## Task to carry out
Will you output all of the data below exactly, omitting the images?

[[ Data segment open ]]

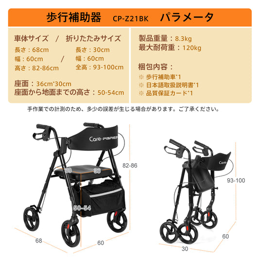 Care-Parents 歩行器 四輪 歩行車 シルバーカー アルミ製 折り畳み式 手押し車 高齢者 簡単組立 高さ調節可 1台3役 室内室外兼用 (CP-Z21BK)
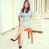 CHICMORE Atasan lengan panjang dengan krah dan kancing bulat, motif bunga kecil dipadukan dengan motif garis, dipadukan dengan celana panjang bermotif sebagai setelan
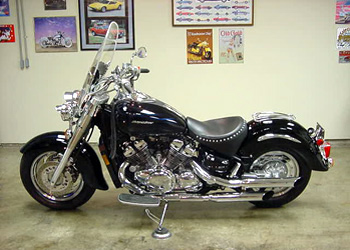 From Jay Reynolds of Anoka MN: "I recently purchased this bike with only 3000 miles on it. It has been real fun customizing it. It features ppg black paint with House of Kolor Pearl Blue ghost flames. Jardine billet front wheel, solid rear wheel disc, chrome cylinder fins, fat T bar, Cobra exhaust. Etc."
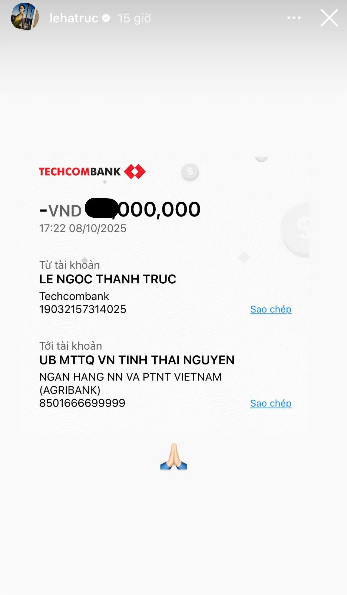 Sau khi đăng tải những story đầu tiên trên trang cá nhân Instagram, đánh dấu sự trở lại, Lê Hà Trúc chia sẻ ảnh chụp màn hình chuyển khoản ủng hộ đồng bào bão lũ vào ngày 8/10.

[[ Data segment closed ]]

## Answer to the exercise
 Care-Parents 歩行器 四輪 歩行車 シルバーカー アルミ製 折り畳み式 手押し車 高齢者 簡単組立 高さ調節可 1台3役 室内室外兼用 (CP-Z21BK)
 CHICMORE Atasan lengan panjang dengan krah dan kancing bulat, motif bunga kecil dipadukan dengan motif garis, dipadukan dengan celana panjang bermotif sebagai setelan
 From Jay Reynolds of Anoka MN: "I recently purchased this bike with only 3000 miles on it. It has been real fun customizing it. It features ppg black paint with House of Kolor Pearl Blue ghost flames. Jardine billet front wheel, solid rear wheel disc, chrome cylinder fins, fat T bar, Cobra exhaust. Etc."
 Sau khi đăng tải những story đầu tiên trên trang cá nhân Instagram, đánh dấu sự trở lại, Lê Hà Trúc chia sẻ ảnh chụp màn hình chuyển khoản ủng hộ đồng bào bão lũ vào ngày 8/10.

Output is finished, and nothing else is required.